Saved data entries
[Start of Attachment]

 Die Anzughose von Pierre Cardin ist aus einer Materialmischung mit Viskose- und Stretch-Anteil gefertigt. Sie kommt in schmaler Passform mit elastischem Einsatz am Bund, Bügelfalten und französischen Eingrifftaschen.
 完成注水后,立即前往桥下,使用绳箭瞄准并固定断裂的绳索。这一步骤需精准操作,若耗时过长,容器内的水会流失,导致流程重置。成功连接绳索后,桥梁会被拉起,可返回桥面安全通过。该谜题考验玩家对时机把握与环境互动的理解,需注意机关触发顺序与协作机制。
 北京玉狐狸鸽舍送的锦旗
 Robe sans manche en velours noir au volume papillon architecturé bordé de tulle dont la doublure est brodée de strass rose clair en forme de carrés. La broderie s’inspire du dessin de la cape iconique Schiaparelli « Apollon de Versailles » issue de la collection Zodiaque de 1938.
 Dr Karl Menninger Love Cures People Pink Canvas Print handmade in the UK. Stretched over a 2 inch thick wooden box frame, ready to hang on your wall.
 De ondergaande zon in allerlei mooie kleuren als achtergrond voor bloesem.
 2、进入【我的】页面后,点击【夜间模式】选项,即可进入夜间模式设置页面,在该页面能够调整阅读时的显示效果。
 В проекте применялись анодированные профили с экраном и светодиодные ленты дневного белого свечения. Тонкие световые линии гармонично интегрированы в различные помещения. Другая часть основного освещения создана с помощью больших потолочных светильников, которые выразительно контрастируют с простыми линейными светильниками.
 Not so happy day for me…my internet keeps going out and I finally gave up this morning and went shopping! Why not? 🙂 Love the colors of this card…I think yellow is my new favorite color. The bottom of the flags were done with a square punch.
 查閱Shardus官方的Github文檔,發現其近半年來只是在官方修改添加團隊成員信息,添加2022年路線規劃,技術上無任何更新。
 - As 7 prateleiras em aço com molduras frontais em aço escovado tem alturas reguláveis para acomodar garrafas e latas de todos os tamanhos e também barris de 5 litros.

[End of Attachment]

:: Task directions ::
Starting with the line that contains "De ondergaande zon", print every line through the end of the entries above exactly as written, both boundary lines included, and nothing else.

:: Answer section ::
 De ondergaande zon in allerlei mooie kleuren als achtergrond voor bloesem.
 2、进入【我的】页面后,点击【夜间模式】选项,即可进入夜间模式设置页面,在该页面能够调整阅读时的显示效果。
 В проекте применялись анодированные профили с экраном и светодиодные ленты дневного белого свечения. Тонкие световые линии гармонично интегрированы в различные помещения. Другая часть основного освещения создана с помощью больших потолочных светильников, которые выразительно контрастируют с простыми линейными светильниками.
 Not so happy day for me…my internet keeps going out and I finally gave up this morning and went shopping! Why not? 🙂 Love the colors of this card…I think yellow is my new favorite color. The bottom of the flags were done with a square punch.
 查閱Shardus官方的Github文檔,發現其近半年來只是在官方修改添加團隊成員信息,添加2022年路線規劃,技術上無任何更新。
 - As 7 prateleiras em aço com molduras frontais em aço escovado tem alturas reguláveis para acomodar garrafas e latas de todos os tamanhos e também barris de 5 litros.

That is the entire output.